Syndicalism and Radical Unionism, Socialist History 37.
Published by Rivers Oram Press, 2010.
ISBN 978 1 85489 174 7

Killing No Murder, South Wales and the Great Railway Strike of 1911,
By Robert Griffiths.
With an introduction by Bob Crow, General Secretary of the Rail, Maritime and Transport Union.
Published by Manifesto Press, 2009.
ISBN 978 1 907464 01 0

The UK Socialist History Society deserves great credit for dedicating an issue of their journal to the subject of syndicalism. It is a subject that has been short changed in much historical writing about both trade unionism and the working class movement. It sometimes seems that syndicalist ideas are often treated more seriously in mainstream histories than in those which purport to be from a left or socialist perspective.

I found this collection of essays quite uplifting and they certainly shed some light on some key moments in the story of the syndicalist contribution to working class history.

In the opening editorial essay, Ralph Darlington, Professor of Employment Relations at Salford University, points out that the key ideas of revolutionary unionism emerged with the development of capitalism. In Britain from the 1830’s and the Grand National Consolidated Trades Union and Robert Owens proposal for a general strike in the form of a Grand National Holiday syndicalist ideas have arisen at regular intervals.

He points out that the movement faced three ‘paradoxes or dilemmas’: firstly in how much influence it had, secondly, the potential flaw of the limitations of trade unionism within capitalist society, and thirdly of the challenge to syndicalism from communism.

In his contribution to the journal, Alex Gordon, currently President of the Rail Maritime and Transport Union(RMT) here in the UK, our most effective, class conscious and militant trade union, writes about a lesser known English syndicalist, Charles Watkins. In the wake of Britain’s first national railway strike, in 1911, Watkins founded and edited the Syndicalist Railwayman newspaper.

This essay is complementary to the other book I am reviewing an account of the 1911 railway strike as it affected South Wales. This book, written by Robert Griffiths, today the General Secretary of the Communist Party of Britain, does not shy away from the syndicalist nature of that dispute nor does, incidentally, the current general secretary of the railworkers (RMT) in Britain, Bob Crow, who writes an introduction to the book. Both draw important lessons from the dispute which was the last time troops shot and killed strikers on the UK mainland.

Griffiths points out that in studying the history of this period the miners have received most of the attention. This is partly due to the power of the South Wales Miners Federation and its lodges which produced both official and unofficial newspapers.
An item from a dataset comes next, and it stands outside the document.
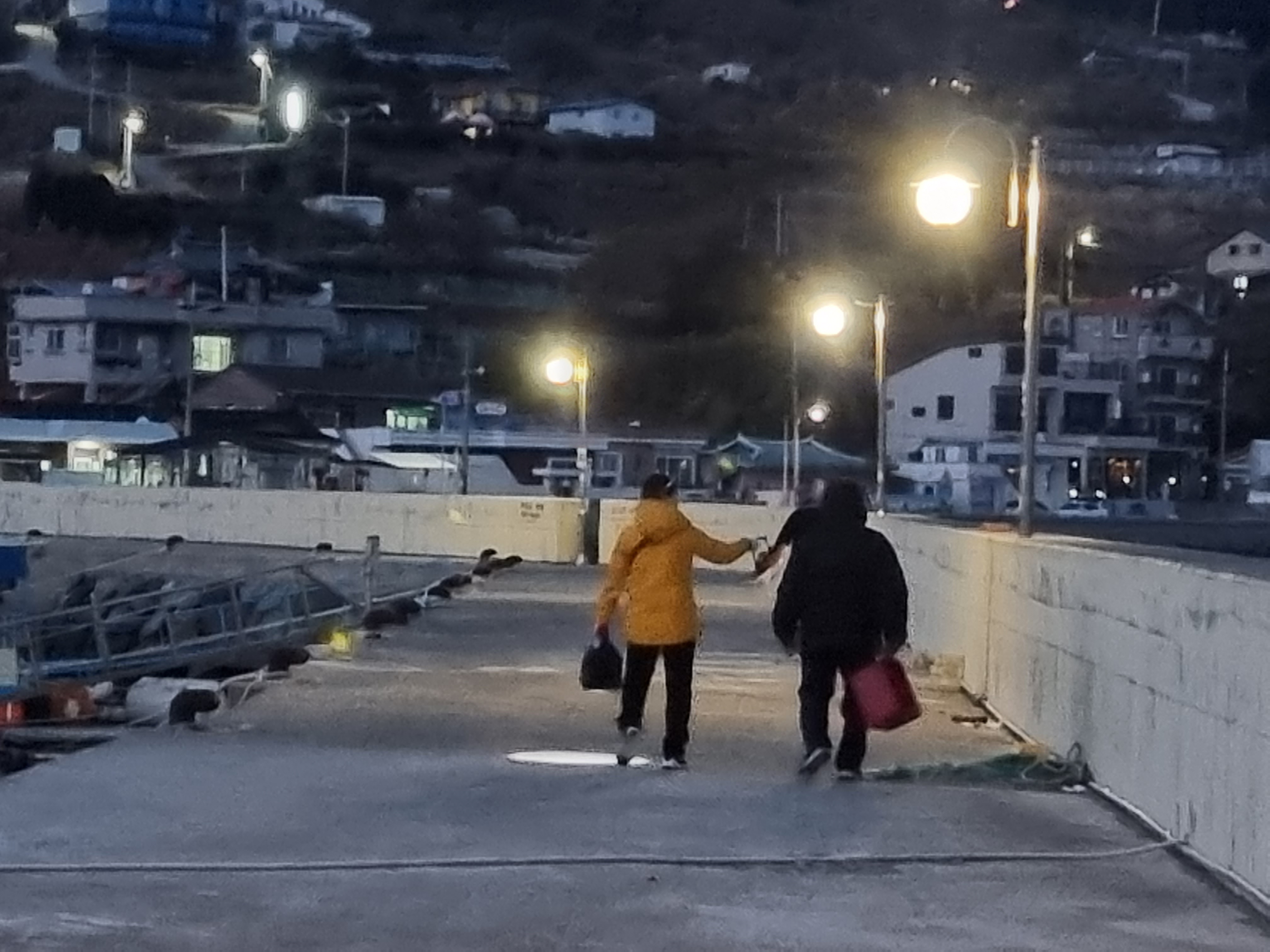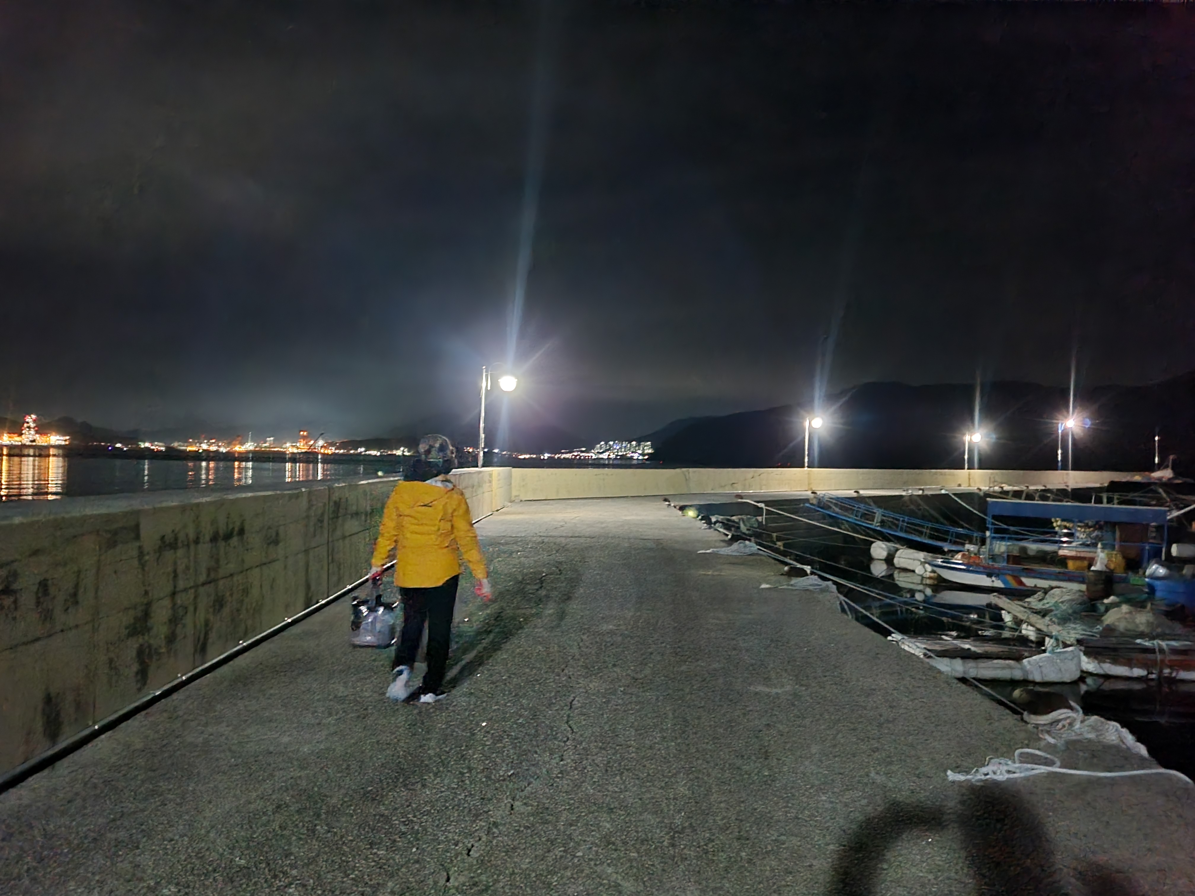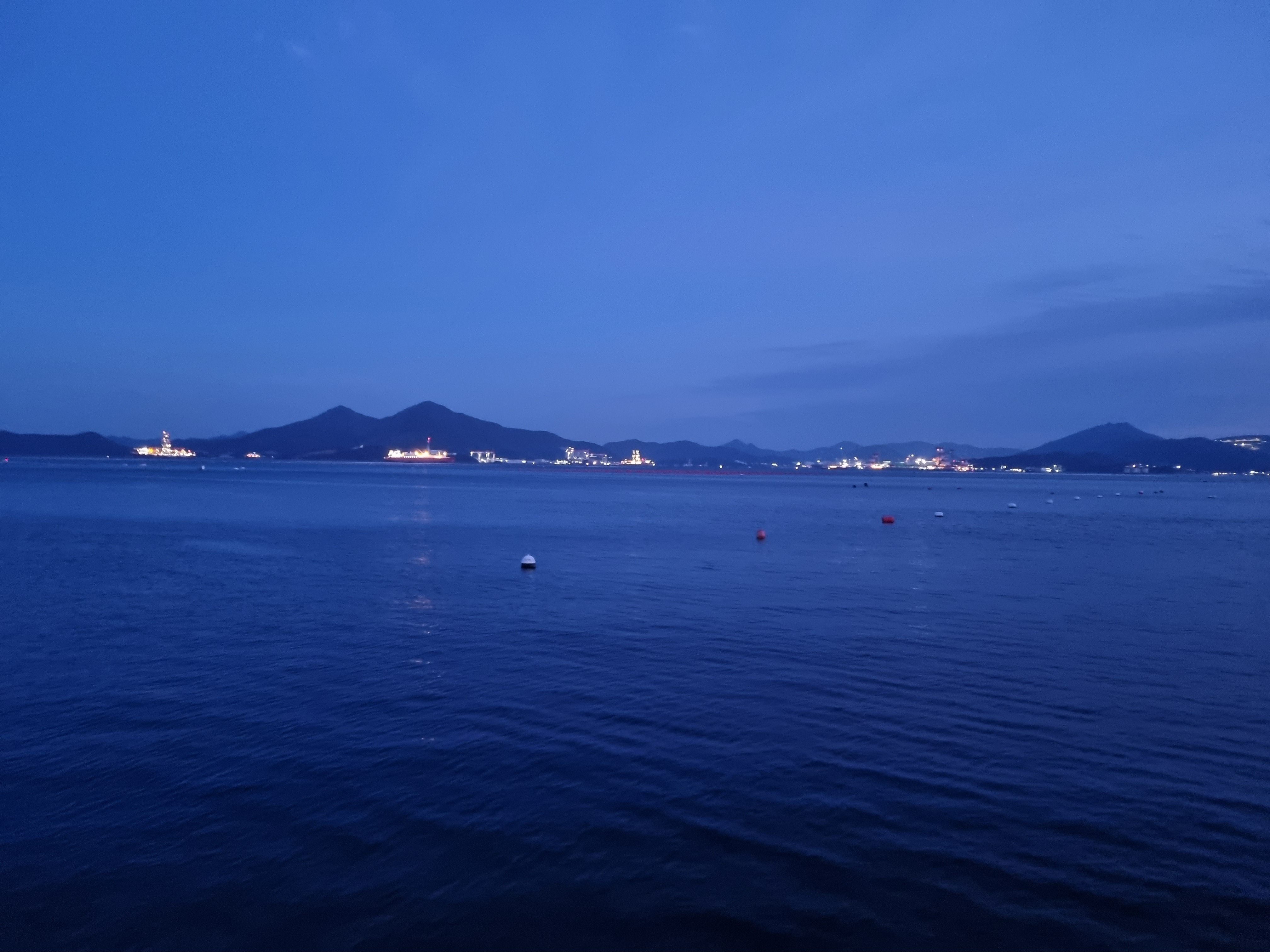 저 건너편은 조선소인가 보네요. 큰 배에 불이 환하게 켜져 있는데 카메라로 찍으면 잘 나올 듯~
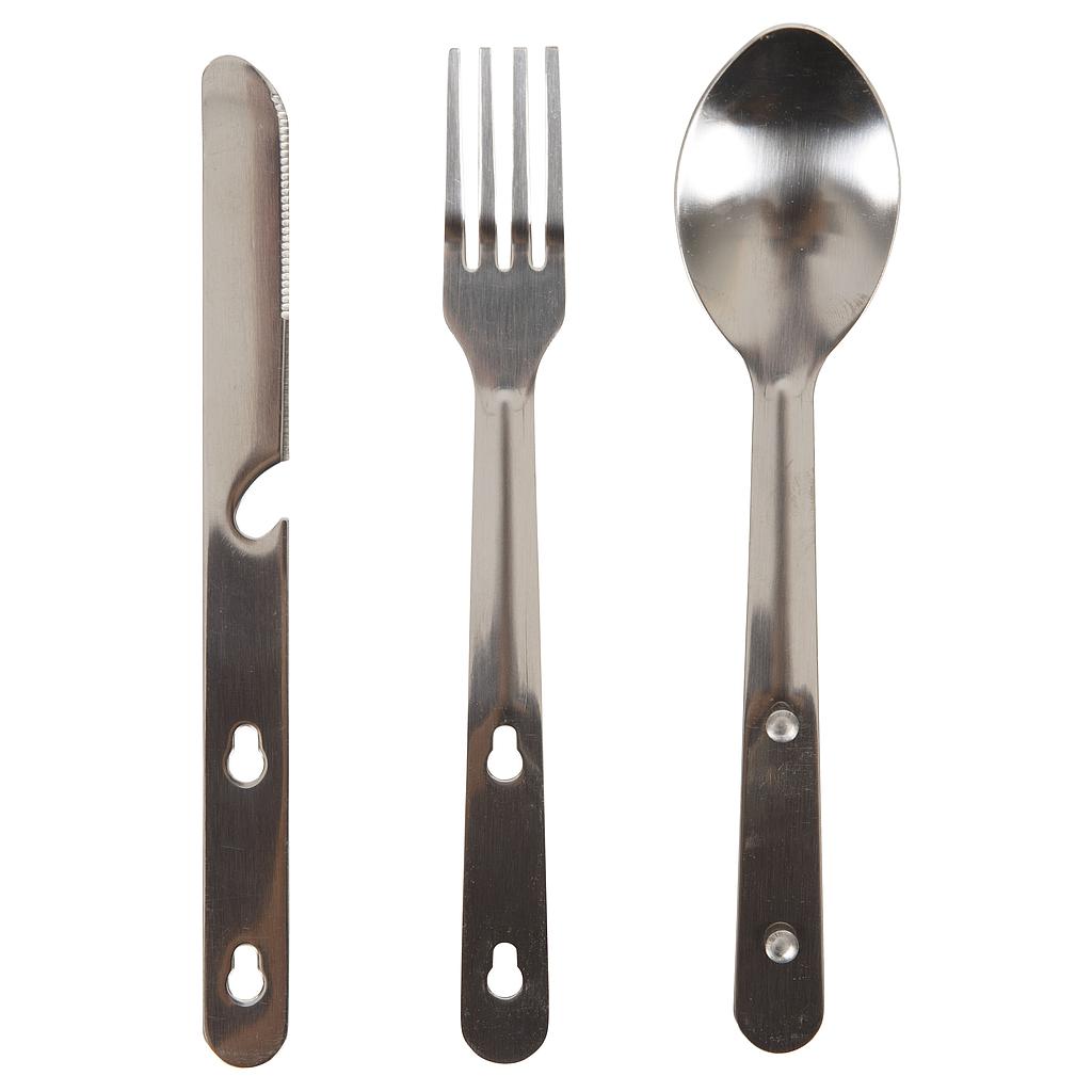 This interlocking knife fork and spoon set are easy to separate then re-fasten so your cutlery stays together in your pack.

Indeed as Gordon argues one of the few lasting literary monuments of the campaign for industrial unionism was The Miners Next Step published in 1912. Griffiths argues that it is time for the railway workers to take centre stage and I would argue there is much of value in Watkins writings and those he went onto write in Tom Mann’s, The Syndicalist.
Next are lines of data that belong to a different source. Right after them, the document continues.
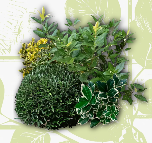 | Бересклет "Сильвер Квин" | Компактный вечнозелёный кустарник с декоративной листвой — зелёные листья с широкой кремово-белой каймой сохраняют эффектность круглый год. Идеален для бордюров, миксбордеров и контейнерного выращивания. Хорошо переносит стрижку и формовку, медленно растёт, создавая плотный ковёр или куст. Неприхотлив, теневынослив, морозостоек до –35 °C. | |
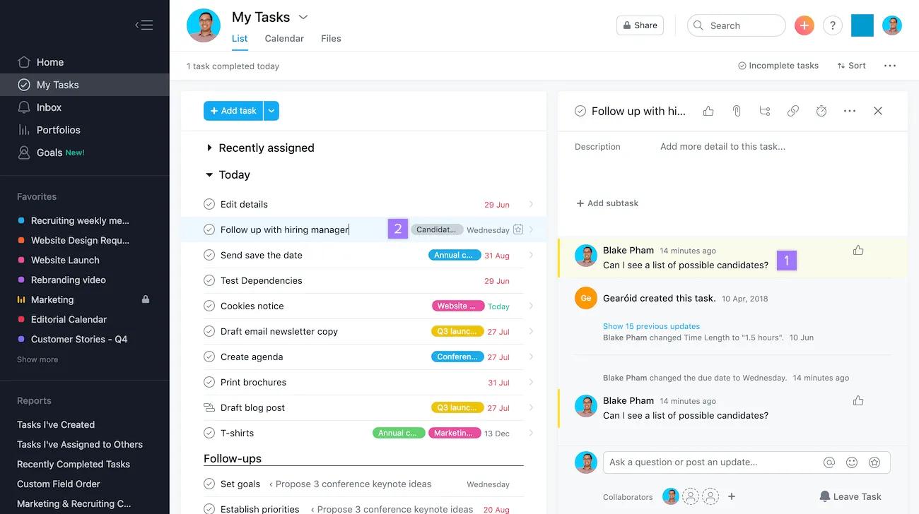 Comment on a task to ask questions, provide extra information, or offer insight.
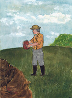 Early pioneer farmer seeding Niagara Falls Heritage Foundation Government of Canada Local Initiatives Grant AK 2403-9 1974 - 1975 ; artistic recreation from a sketch by C. W. Jefferys in Library and Archives Canada ; -
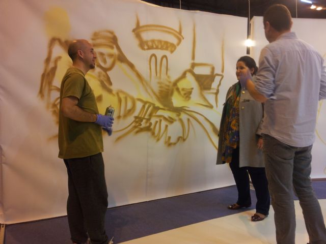 Lorca refuerza su campaña de promoción de la candidatura de los bordados de Semana Santa en Fitur con una muestra de grafitis con la imagen de mantos de Blancos y Azules
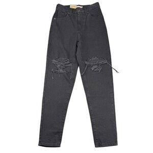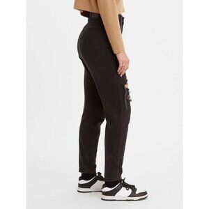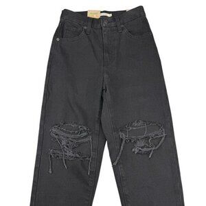 Levi's High Waisted Mom Jeans In Black Destructed Size 25 x 29
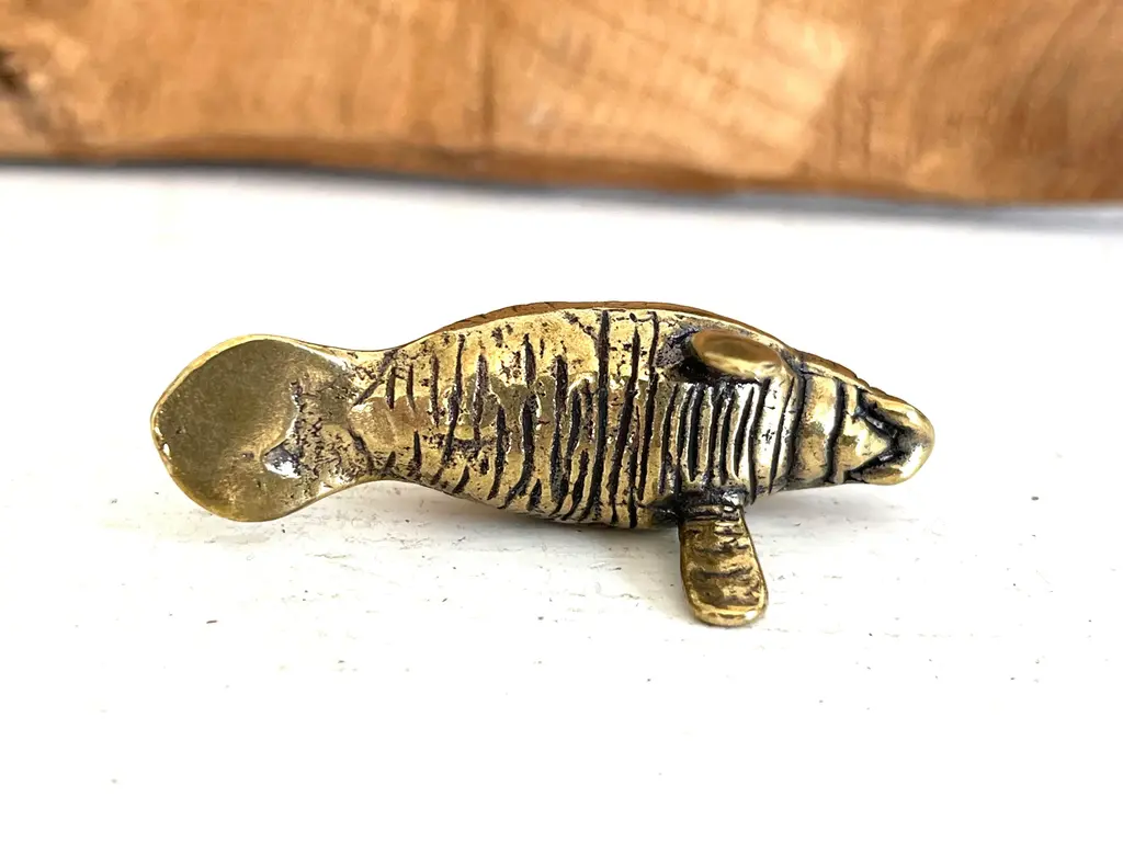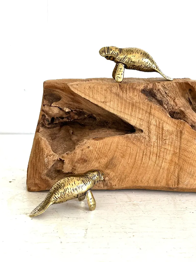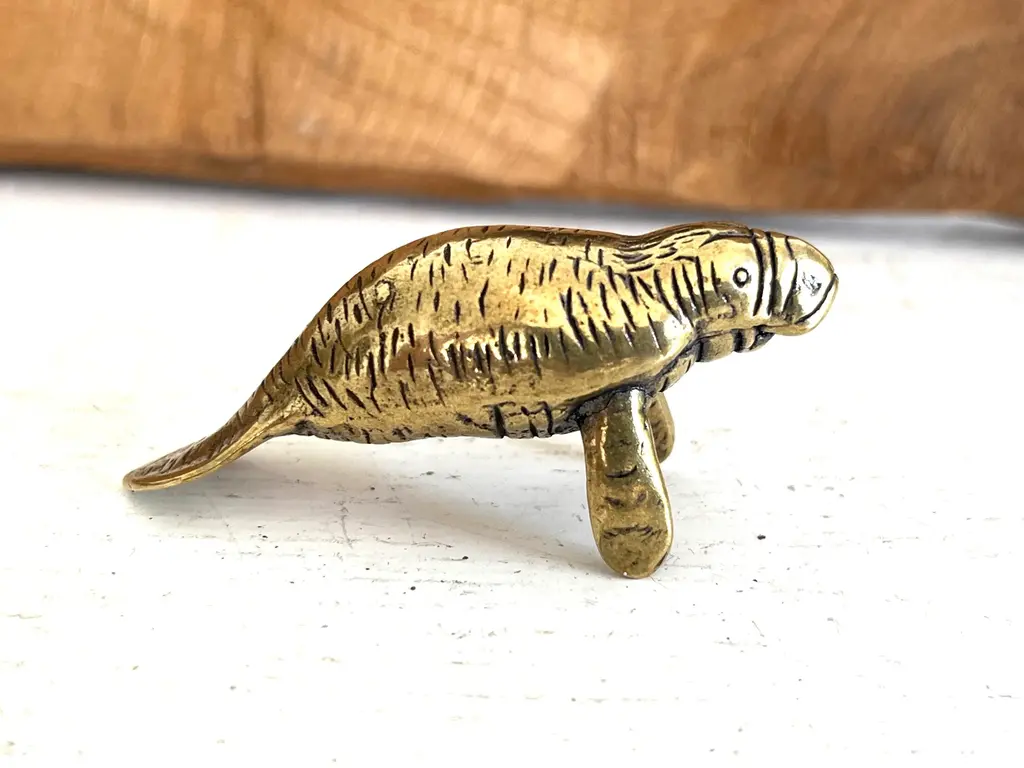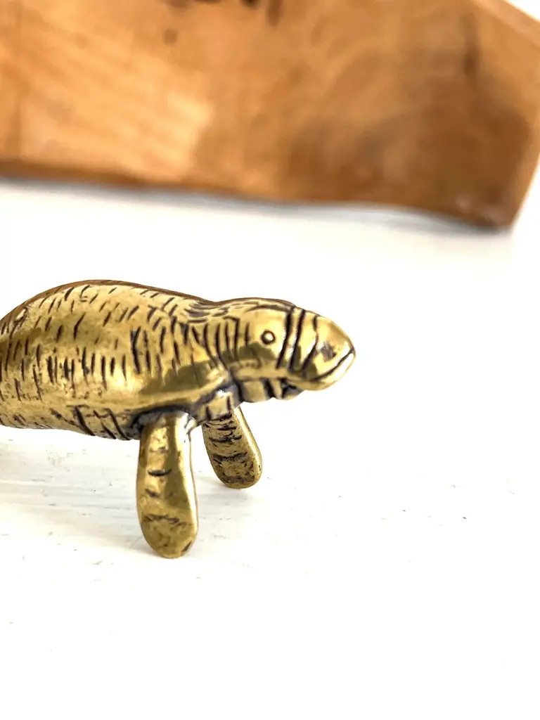 Adorable miniature cast brass manatees. Perfect size for a shadow box. They have lots of detail and are in excellent condition. The brass finish has been antiqued. There are no markings as to the artist or manufacturer. These were purchased in a lot of NOS (new old stock) from a long closed vintage shop.

Griffiths book was originally produced for a Welsh language TV programme in 1986 under the title of Steic! Streic! Streic! Which as Griffiths suggests needs no translation. The new title of the book ‘Killing No Murder!’ comes from the title of a pamphlet written about the dispute by Keir Hardie in 1912 when he was the Member of Parliament for Merthyr Tydfill. In it, as well as explaining the grievances of the workers, Hardie wrote that he had seen “a degree of class solidarity few believed possible.”

That degree of solidarity was quickly lost as Europe descended into war. Wayne Thorpe, Associate Professor at McMaster University, describes in his essay, International Syndicalists in Europe, 1914-18, how syndicalists across Europe fought a brave but losing battle against the drive to war.

According to Thorpe the syndicalists had four key arguments against war. Firstly, they argued that ‘national’ cultures where not mutually hostile, secondly, they denied that the state was the embodiment of representative culture, thirdly that cultures or nations did not go to war but states did. Fourthly and finally when the war came they highlighted the need for workers movement to mount its struggle on the cultural as well as the economic terrain.

The syndicalist journal Tierra y Libertad in Barcelona predicted in 1915, that; “if the war ended not in generalised revolution but with clear victory for either side, the result would not be peace, but a mere truce of whatever duration the defeated side needed to recoup, raise the flag of cultural defence and strike back.”

How right they where! Reiner Tosstorff, historian at the Johannes Guttenburg University in Mainz has written about the history of the Profintern (the RILU, the Red International of Labour Unions) and has also written about the history of the POUM in the Spanish Civil War. His essay about syndicalist relations with the one country that did undergo a revolution as a result of that war is called Syndicalism and the Bolshevik Revolution.

This essay is a review of the impact on the syndicalist movement of the Bolshevik victory in Russia. Meetings between syndicalists and Bolsheviks only became practical after 1920 with many syndicalist organisations sending delegates to the second Comintern congress in July-August 1920. The syndicalsist where split in how to relate to the Bolsheviks and this split was confirmed at a meeting of syndicalist organisations in Berlin in December 1920.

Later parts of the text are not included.